### Excerpted data
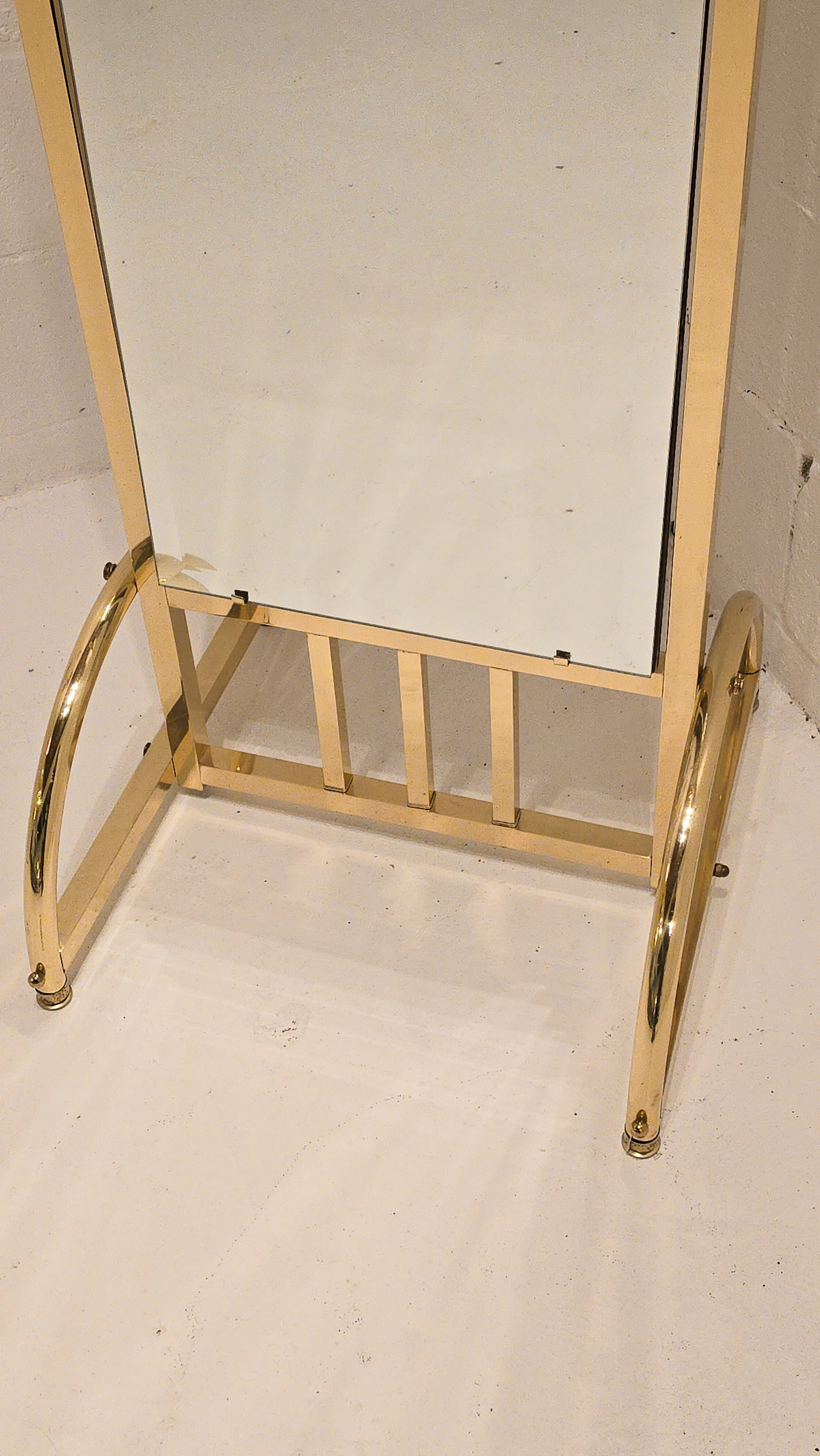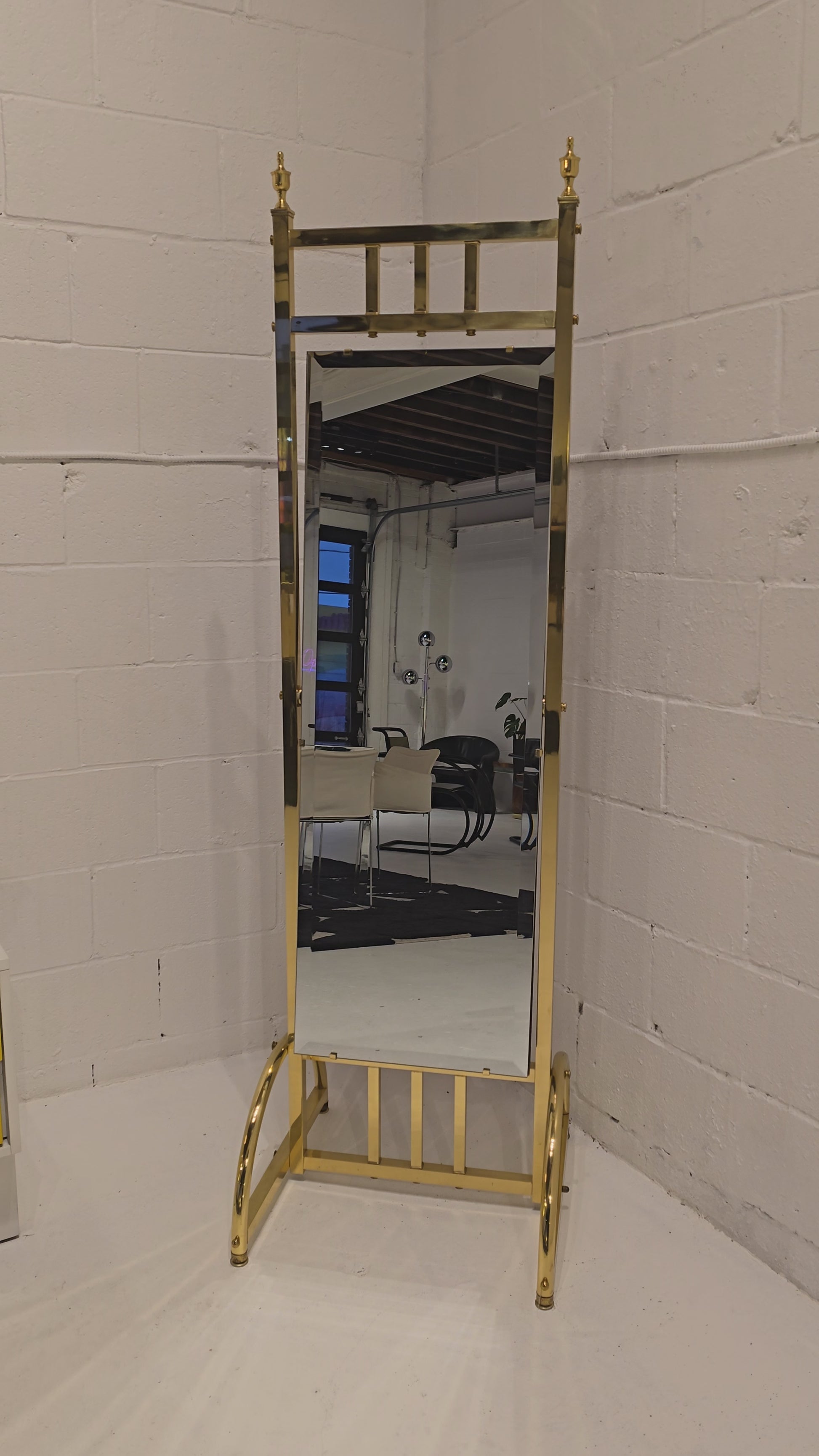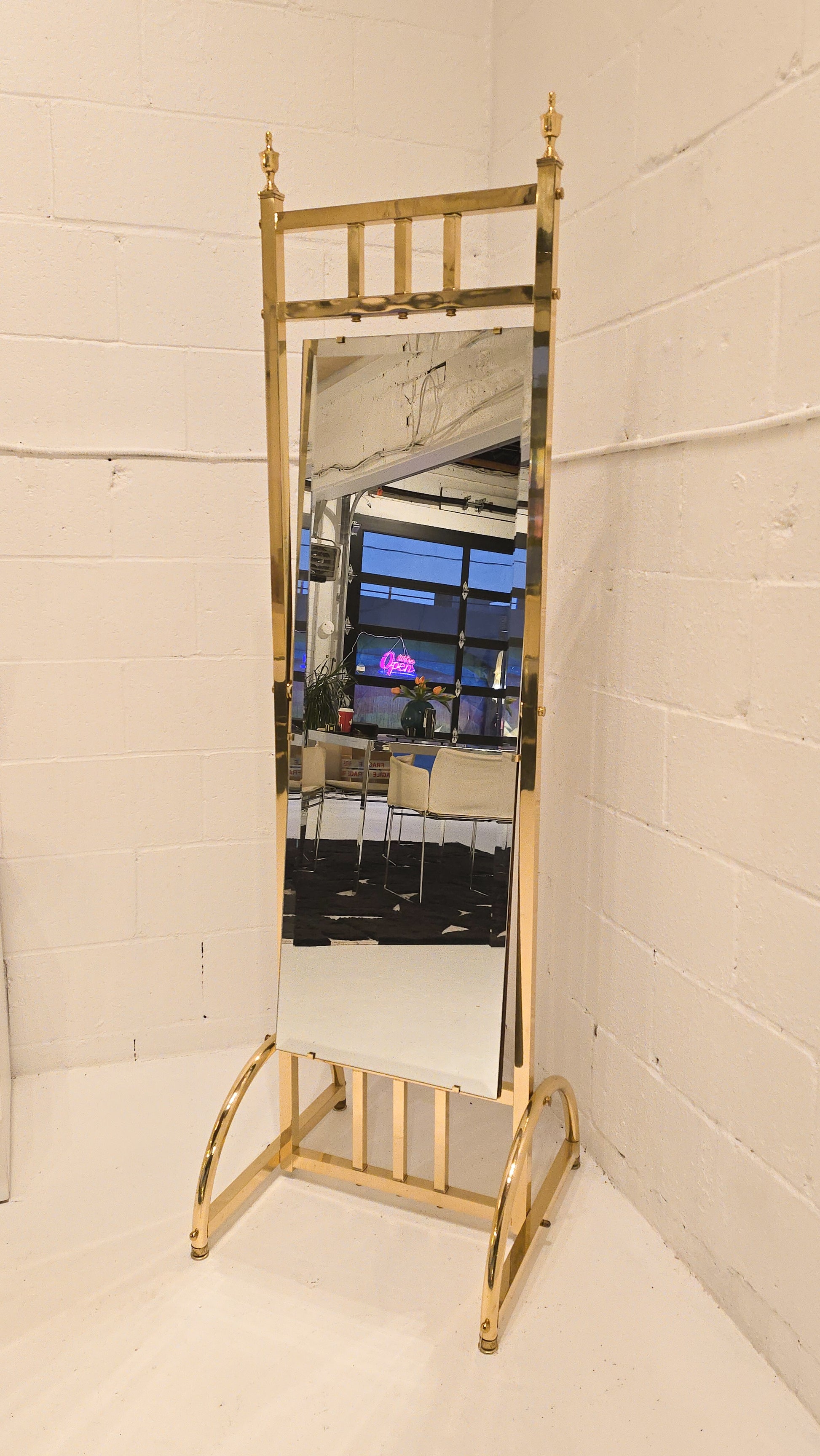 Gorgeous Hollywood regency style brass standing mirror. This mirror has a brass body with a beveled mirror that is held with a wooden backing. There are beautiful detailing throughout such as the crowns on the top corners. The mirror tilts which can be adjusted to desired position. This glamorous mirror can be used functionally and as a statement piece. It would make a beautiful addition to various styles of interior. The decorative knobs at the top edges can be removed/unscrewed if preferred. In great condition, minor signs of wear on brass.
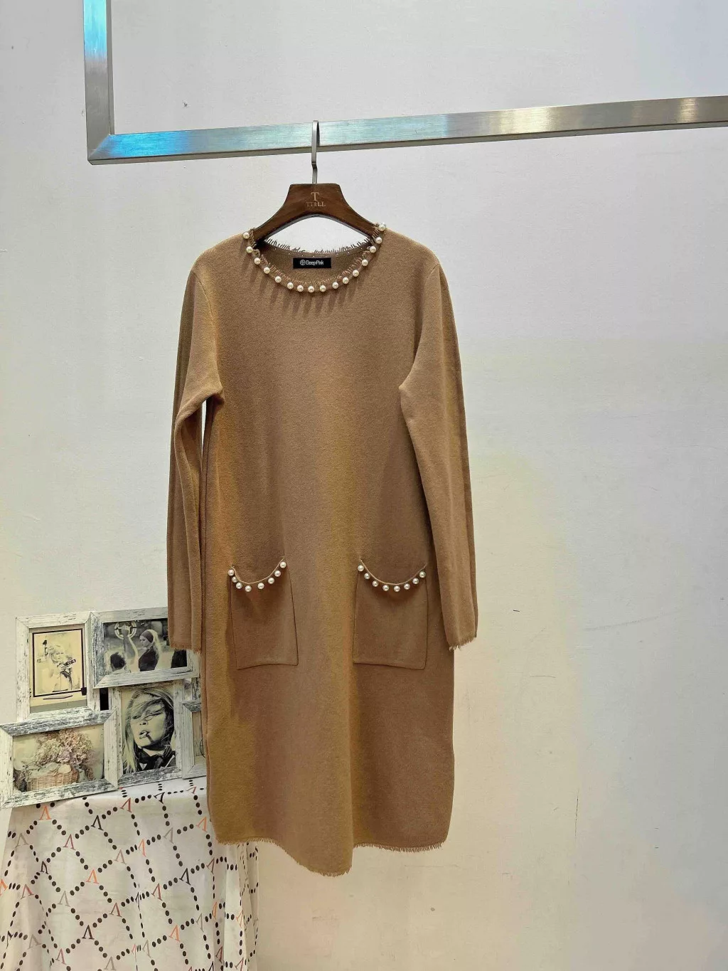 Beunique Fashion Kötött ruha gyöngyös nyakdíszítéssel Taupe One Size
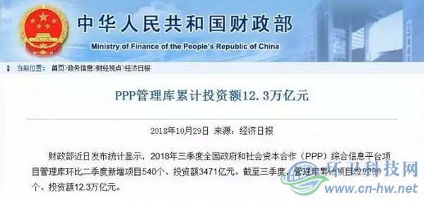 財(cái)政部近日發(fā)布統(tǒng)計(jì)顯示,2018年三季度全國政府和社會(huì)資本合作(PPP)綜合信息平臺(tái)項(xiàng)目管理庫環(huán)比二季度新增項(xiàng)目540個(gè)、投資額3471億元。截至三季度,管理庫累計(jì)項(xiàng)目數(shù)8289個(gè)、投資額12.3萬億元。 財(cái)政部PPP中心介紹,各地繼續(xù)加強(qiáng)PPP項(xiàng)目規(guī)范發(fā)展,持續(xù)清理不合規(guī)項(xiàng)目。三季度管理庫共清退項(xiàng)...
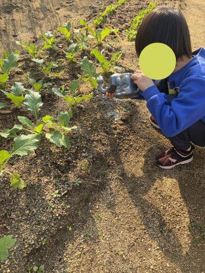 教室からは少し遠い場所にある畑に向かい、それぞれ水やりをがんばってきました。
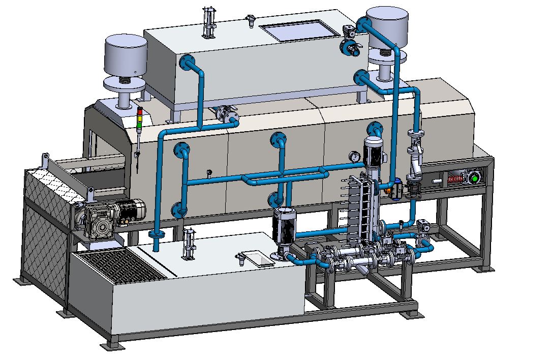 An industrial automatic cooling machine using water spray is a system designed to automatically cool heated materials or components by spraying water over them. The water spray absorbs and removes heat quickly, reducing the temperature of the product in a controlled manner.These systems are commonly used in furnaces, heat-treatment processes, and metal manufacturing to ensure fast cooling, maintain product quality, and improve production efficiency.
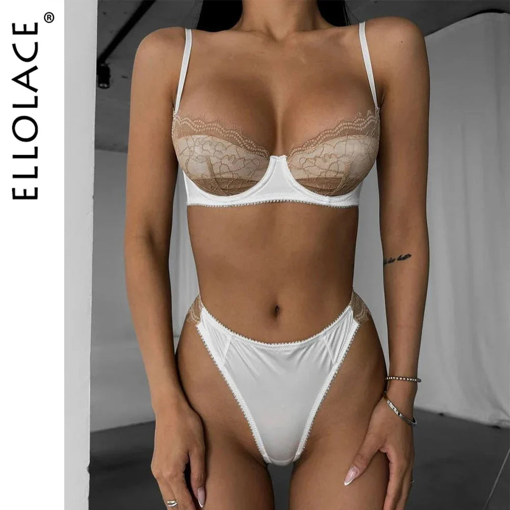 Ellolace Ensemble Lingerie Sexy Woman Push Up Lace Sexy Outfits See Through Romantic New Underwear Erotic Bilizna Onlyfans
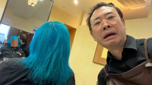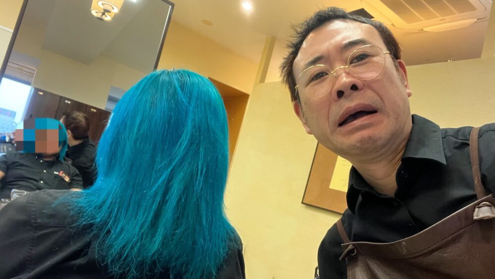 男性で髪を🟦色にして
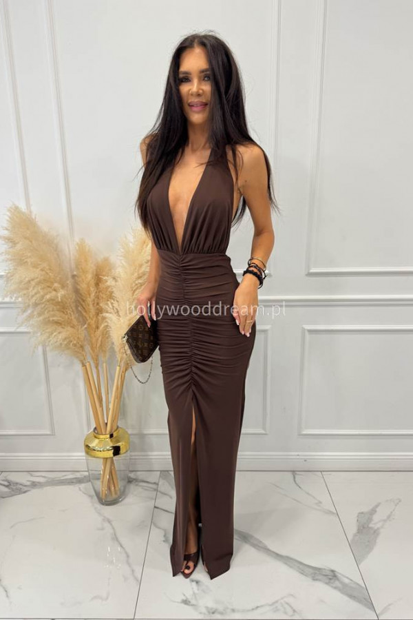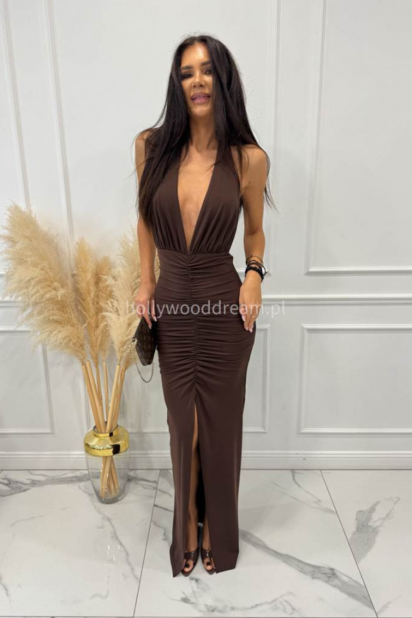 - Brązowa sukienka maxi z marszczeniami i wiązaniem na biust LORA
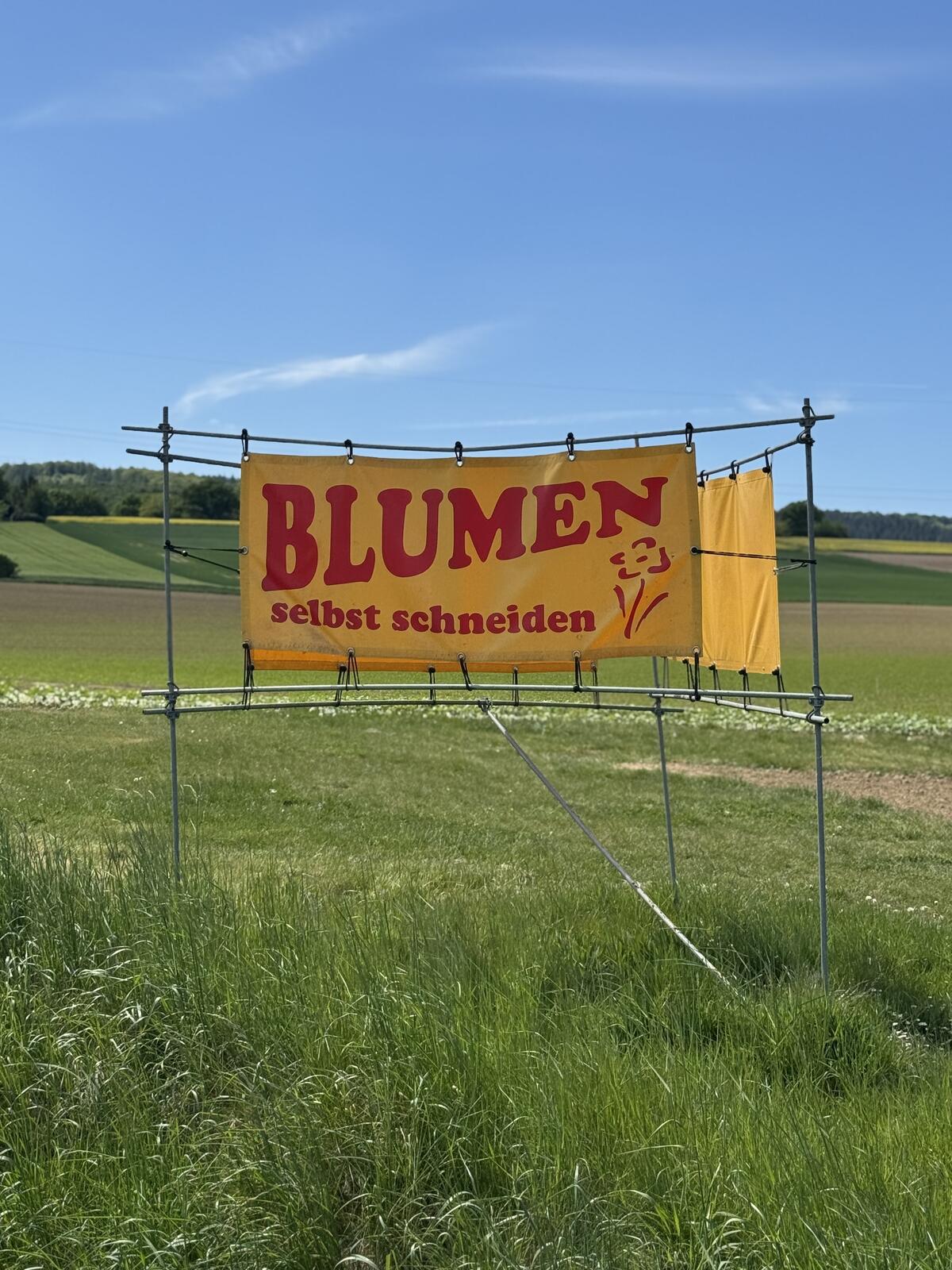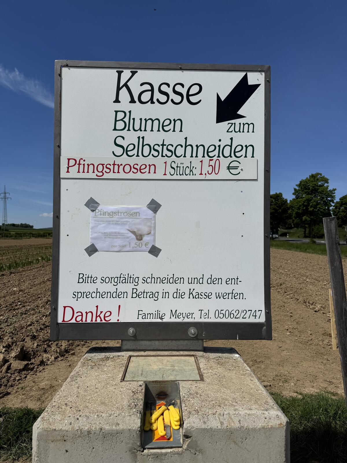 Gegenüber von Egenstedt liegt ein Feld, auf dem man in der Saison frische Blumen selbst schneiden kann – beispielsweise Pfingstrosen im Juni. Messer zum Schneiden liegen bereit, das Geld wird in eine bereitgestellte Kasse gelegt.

### Work order
An exact restatement of the lines from the one holding "Ellolace Ensemble Lingerie" through the end of the entries, both ends included, is the whole answer. Pictures stay out.

### Expected answer
 Ellolace Ensemble Lingerie Sexy Woman Push Up Lace Sexy Outfits See Through Romantic New Underwear Erotic Bilizna Onlyfans
 男性で髪を🟦色にして
 - Brązowa sukienka maxi z marszczeniami i wiązaniem na biust LORA
 Gegenüber von Egenstedt liegt ein Feld, auf dem man in der Saison frische Blumen selbst schneiden kann – beispielsweise Pfingstrosen im Juni. Messer zum Schneiden liegen bereit, das Geld wird in eine bereitgestellte Kasse gelegt.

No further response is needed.